Cassandra NoSQL Database

Summary

  • Distributed NOSQL database
  • No master / single point of failure / every node is equal (seed nodes are a small exception to this)
  • Supports multi data centre replication
  • Read and write scale linearly with number of nodes
  • Consistency is configurable
  • Stores data in sparse rows (not all rows need to have all columns like in a Map). Rows are partitioned (assigned) to different nodes to allow scaling.
  • Optimized for writing not reading
  • Good if you have very few types of queries and can optimize your tables for the queries. Recommendation is to first think of your query, then build a data model for it
  • Open source
  • Was created at Facebook

Links

Start Cassandra

Download from their website

I doubt anybody does this, but unpack the archive and run cassandra -f, done. Does not need any configuration to be tested

Run Cassandra in Docker

Run a single node DB via docker (can be accessed via localhost 9042). Add -d to run in the background

docker run -p 9042:9042 --name cas0 cassandra

Or start your own cluster (found on https://gokhanatil.com/2018/02/build-a-cassandra-cluster-on-docker.html)

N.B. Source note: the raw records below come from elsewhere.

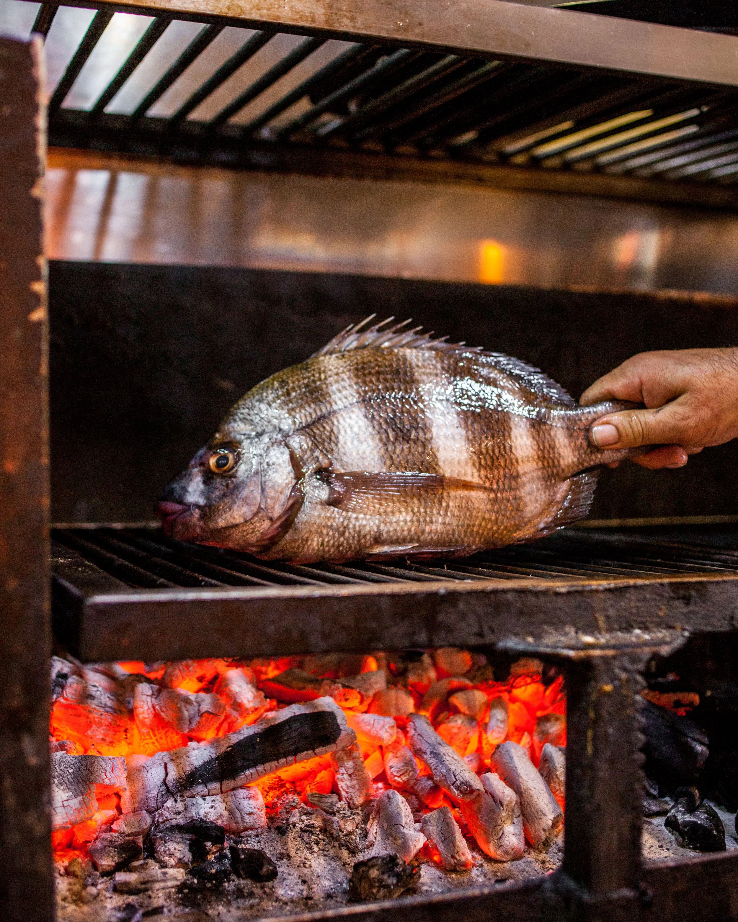 En nuestra parrilla preparamos chuletón de vaca vieja, solomillo madurado y otras piezas seleccionadas de ganaderías nacionales e internacionales, pescados y mariscos de las mejores lonjas. Todo cocinado sobre brasas de carbón natural y sarmiento, que realzan el sabor y la textura de cada corte.
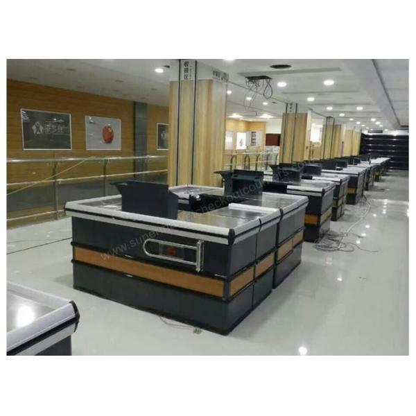 Wooden And Steel Automatic Cashier Checkout Counter / Supermarket Checkout Counter With Conveyor Belt
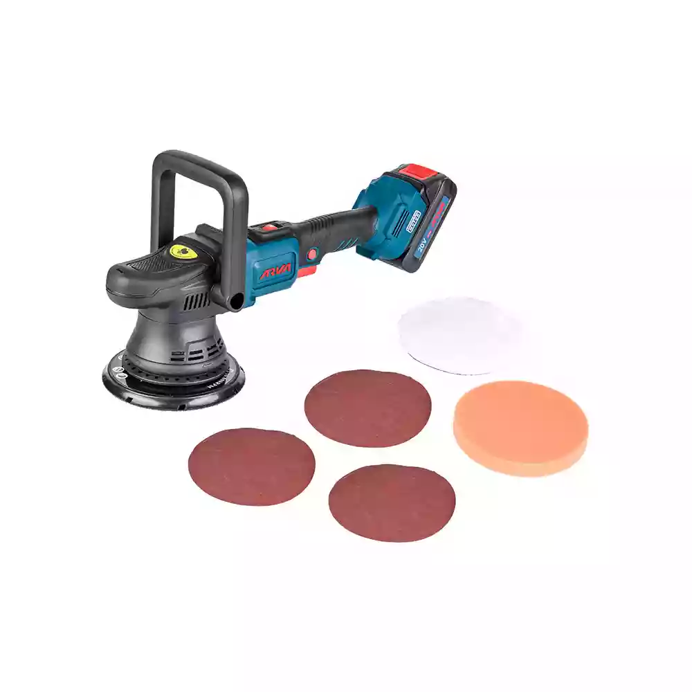 آروا ۵۸۸۵ با موتور براشلس ۲۰ ولت، اوربیتال عظیم ۲۱ میلیمتر، ۶ سرعت تا ۴۸۰۰ دور و صفحه ۱۵۰ میلیمتری، خط و خشهای عمیق را در یک مرحله حذف میکند – بدون کابل، بدون خستگی و کاملاً قابل حمل!
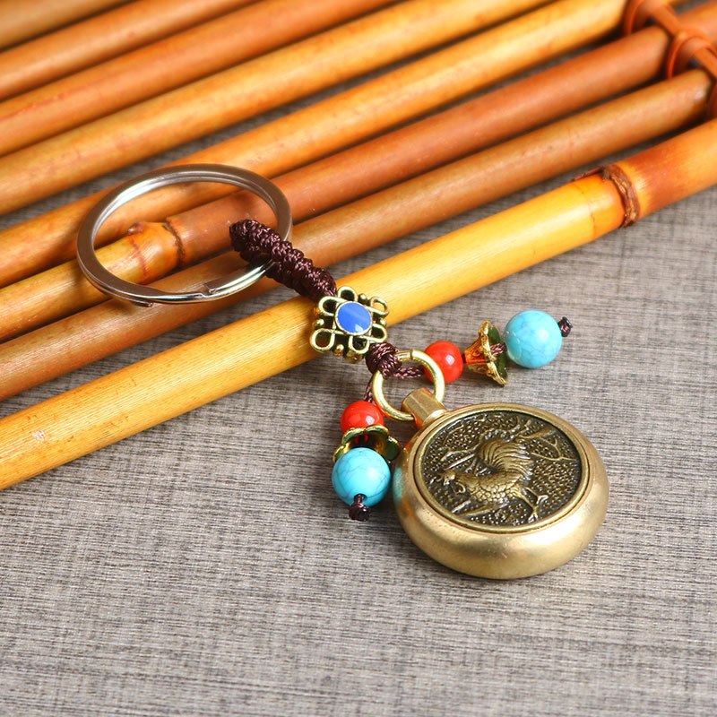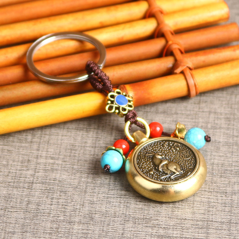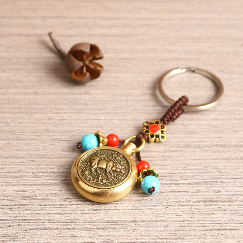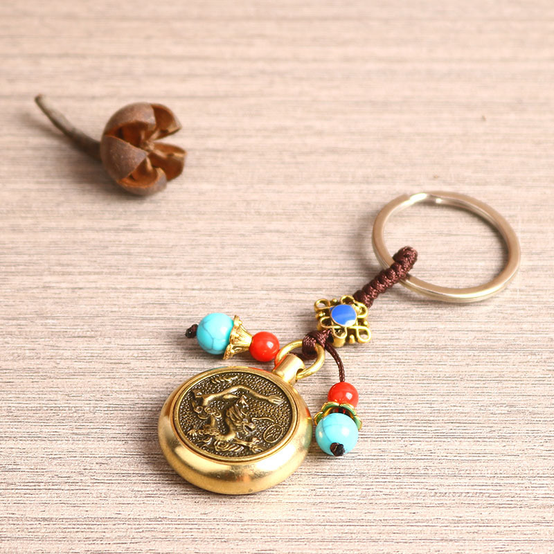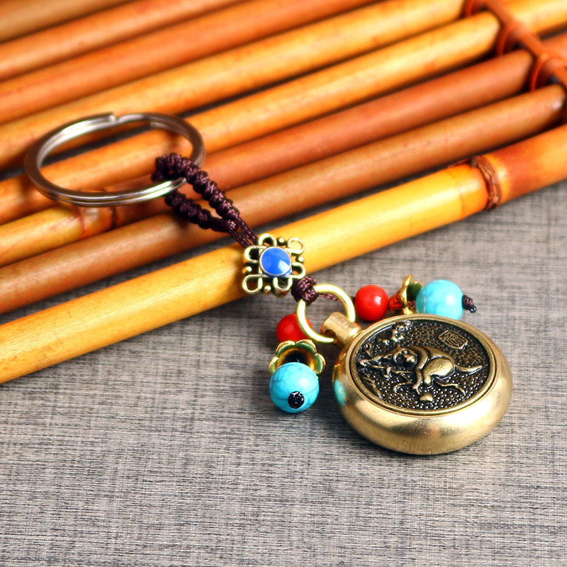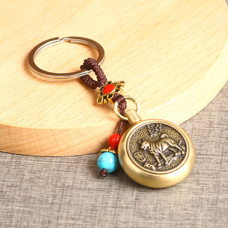 厂家直销黄铜生肖可360旋转的手把件复古创意汽车钥匙扣挂件批发

docker run -p 9042:9042 --name cas1 -e CASSANDRA_CLUSTER_NAME=MyCluster -e CASSANDRA_ENDPOINT_SNITCH=GossipingPropertyFileSnitch -e CASSANDRA_DC=datacenter1 cassandra

Once it runs, add more nodes with the IP of the the first one. One of the nodes is even in a different data center

FIRST_IP="$(docker inspect --format='{{ .NetworkSettings.IPAddress }}' cas1)"
docker run --name cas2 -e CASSANDRA_SEEDS="$FIRST_IP" -e CASSANDRA_CLUSTER_NAME=MyCluster -e CASSANDRA_ENDPOINT_SNITCH=GossipingPropertyFileSnitch -e CASSANDRA_DC=datacenter1 cassandra
FIRST_IP="$(docker inspect --format='{{ .NetworkSettings.IPAddress }}' cas1)"
docker run --name cas3 -e CASSANDRA_SEEDS="$FIRST_IP" -e CASSANDRA_CLUSTER_NAME=MyCluster -e CASSANDRA_ENDPOINT_SNITCH=GossipingPropertyFileSnitch -e CASSANDRA_DC=datacenter1 cassandra
FIRST_IP="$(docker inspect --format='{{ .NetworkSettings.IPAddress }}' cas1)"
docker run --name cas4 -e CASSANDRA_SEEDS="$FIRST_IP" -e CASSANDRA_CLUSTER_NAME=MyCluster -e CASSANDRA_ENDPOINT_SNITCH=GossipingPropertyFileSnitch -e CASSANDRA_DC=datacenter2 cassandra

Cassandra Cluster Manager

A script to create, launch and remove an Apache Cassandra cluster on localhost: https://github.com/riptano/ccm

Use Cassandra

cqlsh

Tool that comes with Casssandra so you can execute queries manually. Comes with a HELP command.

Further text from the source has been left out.